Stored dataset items
▬▬▬▬▬▬▬▬▬▬

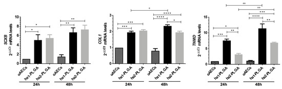To better understand in depth oAECs tenogenic differentiation, it was analyzed the gene expression profile of three tendon-related genes: SCX (early tenogenic marker), COL1 and TNMD (mature tendon markers). In particular, SCX and COL1 gene expression were significantly up-regulated in oAECs seeded onto both ha-PLGA fleeces with respect to oAECs after 24 h culture (p < 0.05; Figure 9). TNMD gene expression was significantly higher after 24 h culture with respect to oAECs in cells cultured onto both ha-PLGA fleeces, even if the significantly higher expression was noticed in ha1-PLGA with respect to ha2-PLGA (p < 0.001 for ha1-PLGA and p < 0.05 for ha2-PLGA). Moreover, it increased significantly with respect to oAECs in both types of ha-PLGA fleeces after 48 h culture (p < 0.0001 for ha1-PLGA and p < 0.001 for ha2-PLGA; Figure 9). After 24 h culture, SCX and COL1 mRNA gene expression were similarly up-regulated in ha1- and ha2-PLGA fleeces (p > 0.05; Figure 9), whereas TNMD mRNA gene expression was differently expressed in ha1-PLGA vs. ha2-PLGA (p < 0.01). All tendon-related gene expression significantly increased after 48 h (p < 0.01; Figure 9). In detail, SCX was more upregulated in ha2-PLGA fleeces with respect to ha1-PLGA (p > 0.05), while conversely COL1 and TNMD were significantly more upregulated in ha1-PLGA fleeces with respect to ha2-PLGA (p < 0.05 and p < 0.01 for COL1 and TNMD mRNA gene expression, respectively; Figure 9).
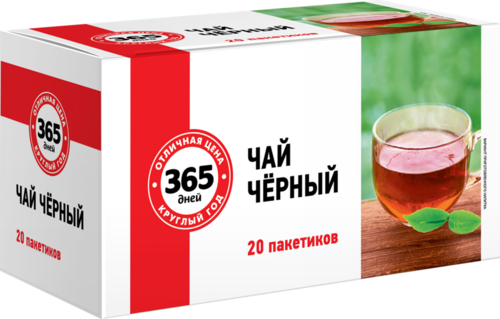 Чай черный байховый индийский в пакетиках 20*2г ТМ 365 дней.Терпкий сочный вкус, нежный аромат и сильный тонизирующий эффект.
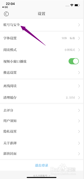 4、点击账号与安全。
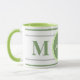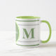 Monogramme initial en vert tendre des deux côtés. Nom en écriture blanche au centre des cercles géométriques verts. Bandes géométriques vertes et argentées. Mélanger et faire correspondre les motifs. Designs originaux de TamiraZDesigns.
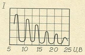 Вычисленная таким образом из опытных данных длина волны совпала по значению с дебройлевской длиной волны. Интересны результаты другого опыта, в котором пучок электронов направлялся на монокристалл, но расположение приемника и кристалла не изменялось. При изменении ускоряющего напряжения, т. е. скорости электронов, зависимость силы тока через гальванометр от ускоряющего напряжения имела вид, представленный на рисунке 3. Электронный пучок испытывал наиболее эффективное отражение при скоростях частиц, удовлетворяющих - условию дифракционного максимума. Последующие эксперименты полностью подтвердили правильность гипотезы де Бройля и возможность использования уравнения (6) для расчета длины волны, связанной с любым материальным объектом. Обнаружена дифракция не только элементарных частиц (электрон, протон, нейтрон), но и атомов. Выполнив расчеты длины дебройлевской волны для различных материальных объектов, можно понять, почему мы не замечаем в повседневной жизни волновых свойств окружающих нас тел. Их длины волн оказываются столь малыми, что проявление волновых свойств невозможно обнаружить. Так, для пули массой 10 г, движущейся со скоростью 660 м/с, длина дебройлевской волны равна:
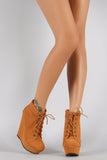Bamboo Oxford Round Toe Lace Up Platform Wedge Booties
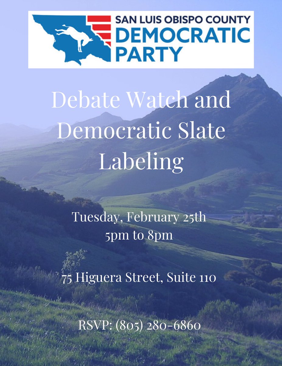 Join @SLODemocrats TONIGHT to watch the debate, enjoy some pizza and help elect local Democrats!
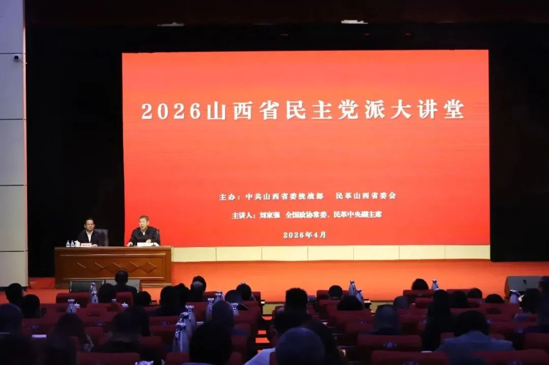 4月7日,由中共山西省委统战部主办、民革山西省委会承办的2026山西省民主党派大讲堂首期讲座在山西社会主义学院举行。全国政协常委、民革中央副主席、中华职业教育社副理事长刘家强同志作《以人口高质量发展支撑中国式现代化》的专题辅导报告。山西省政协副主席、民革山西省委会主委张复明主持报告会。
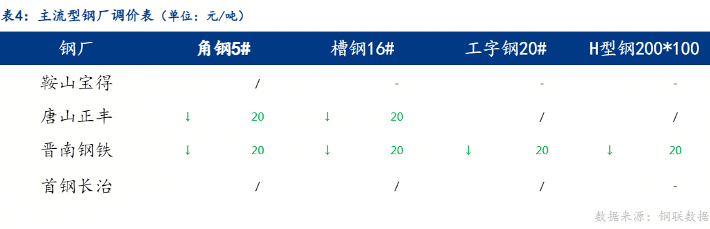 2、成交量为20家型钢厂当日成交,其中包括工字钢6家、角钢7家、槽钢7家。
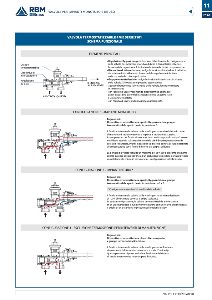 della valvola da impianti monotubo a bitubo e di regolazione By-pass.
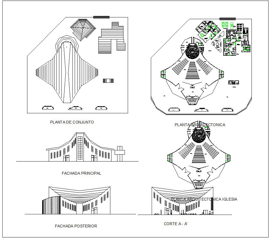Church cad drawing inlcude presentaions drawing, working plan, sections, all side elevations and all detail of architecture church drawing.
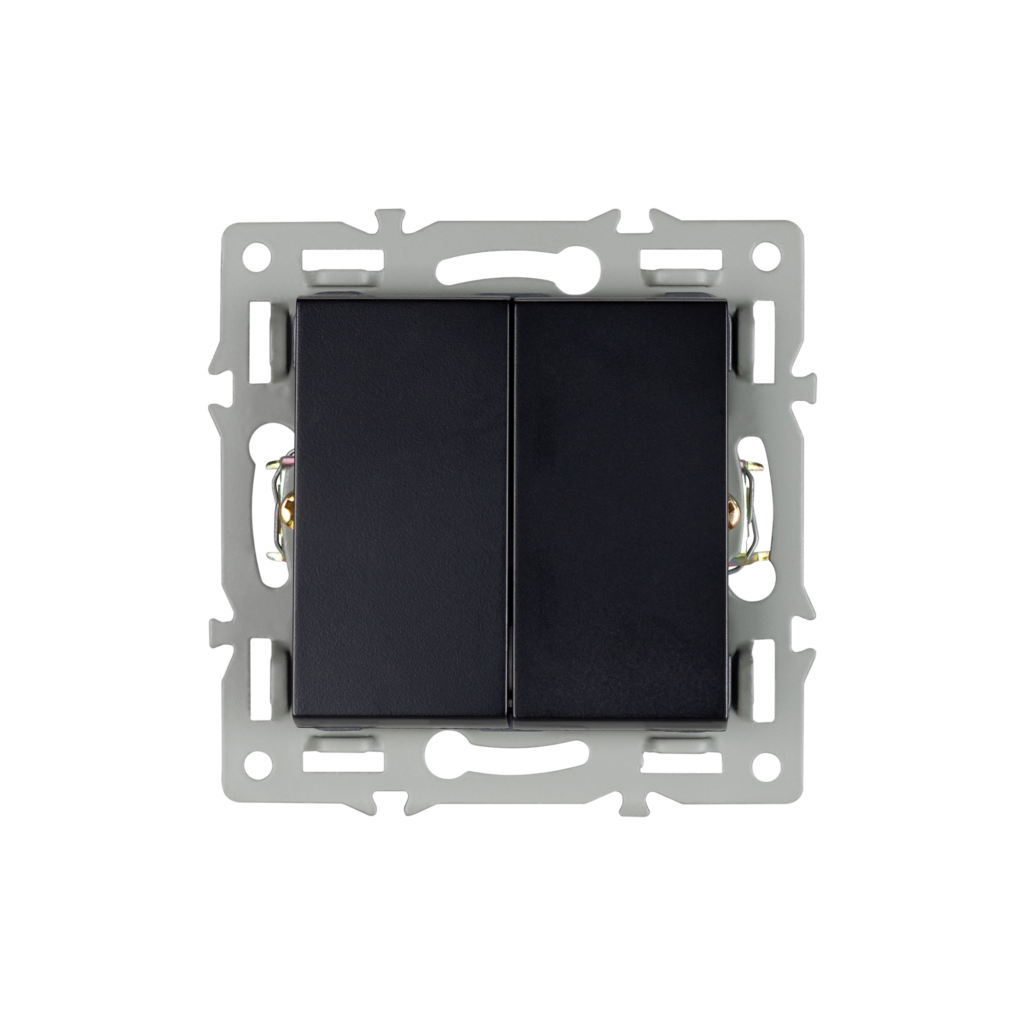 Механизм выключателя клавишный на 1 пост 2 клавиши (непроходной), с суппортом из алюминия. Цвет - черный. Степень пылевлагозащиты - IP20.
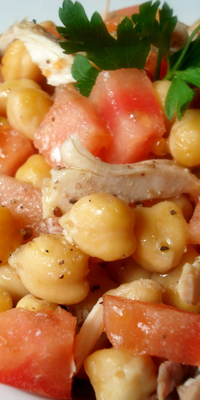 Ingredientes: 400 grs. netos de garbanzos cocidos, 200 grs. netos de pollo, asado o cocido, 150 grs. de tomate, 80 grs. netos de cebolla fresca, 1 cucharada de pipas de girasol, 1 cucharada de perejil, 1 diente de ajo, pimienta, comino, vinagre y sal. Rociar/pulverizar ligeramente con aceite de oliva en espray.

▬▬▬▬▬▬▬▬▬▬

TRY IT »
Each line above should be written out again exactly, without any image.

WRITTEN SOLUTION »
To better understand in depth oAECs tenogenic differentiation, it was analyzed the gene expression profile of three tendon-related genes: SCX (early tenogenic marker), COL1 and TNMD (mature tendon markers). In particular, SCX and COL1 gene expression were significantly up-regulated in oAECs seeded onto both ha-PLGA fleeces with respect to oAECs after 24 h culture (p < 0.05; Figure 9). TNMD gene expression was significantly higher after 24 h culture with respect to oAECs in cells cultured onto both ha-PLGA fleeces, even if the significantly higher expression was noticed in ha1-PLGA with respect to ha2-PLGA (p < 0.001 for ha1-PLGA and p < 0.05 for ha2-PLGA). Moreover, it increased significantly with respect to oAECs in both types of ha-PLGA fleeces after 48 h culture (p < 0.0001 for ha1-PLGA and p < 0.001 for ha2-PLGA; Figure 9). After 24 h culture, SCX and COL1 mRNA gene expression were similarly up-regulated in ha1- and ha2-PLGA fleeces (p > 0.05; Figure 9), whereas TNMD mRNA gene expression was differently expressed in ha1-PLGA vs. ha2-PLGA (p < 0.01). All tendon-related gene expression significantly increased after 48 h (p < 0.01; Figure 9). In detail, SCX was more upregulated in ha2-PLGA fleeces with respect to ha1-PLGA (p > 0.05), while conversely COL1 and TNMD were significantly more upregulated in ha1-PLGA fleeces with respect to ha2-PLGA (p < 0.05 and p < 0.01 for COL1 and TNMD mRNA gene expression, respectively; Figure 9).
 Чай черный байховый индийский в пакетиках 20*2г ТМ 365 дней.Терпкий сочный вкус, нежный аромат и сильный тонизирующий эффект.
 4、点击账号与安全。
 Monogramme initial en vert tendre des deux côtés. Nom en écriture blanche au centre des cercles géométriques verts. Bandes géométriques vertes et argentées. Mélanger et faire correspondre les motifs. Designs originaux de TamiraZDesigns.
 Вычисленная таким образом из опытных данных длина волны совпала по значению с дебройлевской длиной волны. Интересны результаты другого опыта, в котором пучок электронов направлялся на монокристалл, но расположение приемника и кристалла не изменялось. При изменении ускоряющего напряжения, т. е. скорости электронов, зависимость силы тока через гальванометр от ускоряющего напряжения имела вид, представленный на рисунке 3. Электронный пучок испытывал наиболее эффективное отражение при скоростях частиц, удовлетворяющих - условию дифракционного максимума. Последующие эксперименты полностью подтвердили правильность гипотезы де Бройля и возможность использования уравнения (6) для расчета длины волны, связанной с любым материальным объектом. Обнаружена дифракция не только элементарных частиц (электрон, протон, нейтрон), но и атомов. Выполнив расчеты длины дебройлевской волны для различных материальных объектов, можно понять, почему мы не замечаем в повседневной жизни волновых свойств окружающих нас тел. Их длины волн оказываются столь малыми, что проявление волновых свойств невозможно обнаружить. Так, для пули массой 10 г, движущейся со скоростью 660 м/с, длина дебройлевской волны равна:
Bamboo Oxford Round Toe Lace Up Platform Wedge Booties
 Join @SLODemocrats TONIGHT to watch the debate, enjoy some pizza and help elect local Democrats!
 4月7日,由中共山西省委统战部主办、民革山西省委会承办的2026山西省民主党派大讲堂首期讲座在山西社会主义学院举行。全国政协常委、民革中央副主席、中华职业教育社副理事长刘家强同志作《以人口高质量发展支撑中国式现代化》的专题辅导报告。山西省政协副主席、民革山西省委会主委张复明主持报告会。
 2、成交量为20家型钢厂当日成交,其中包括工字钢6家、角钢7家、槽钢7家。
 della valvola da impianti monotubo a bitubo e di regolazione By-pass.
Church cad drawing inlcude presentaions drawing, working plan, sections, all side elevations and all detail of architecture church drawing.
 Механизм выключателя клавишный на 1 пост 2 клавиши (непроходной), с суппортом из алюминия. Цвет - черный. Степень пылевлагозащиты - IP20.
 Ingredientes: 400 grs. netos de garbanzos cocidos, 200 grs. netos de pollo, asado o cocido, 150 grs. de tomate, 80 grs. netos de cebolla fresca, 1 cucharada de pipas de girasol, 1 cucharada de perejil, 1 diente de ajo, pimienta, comino, vinagre y sal. Rociar/pulverizar ligeramente con aceite de oliva en espray.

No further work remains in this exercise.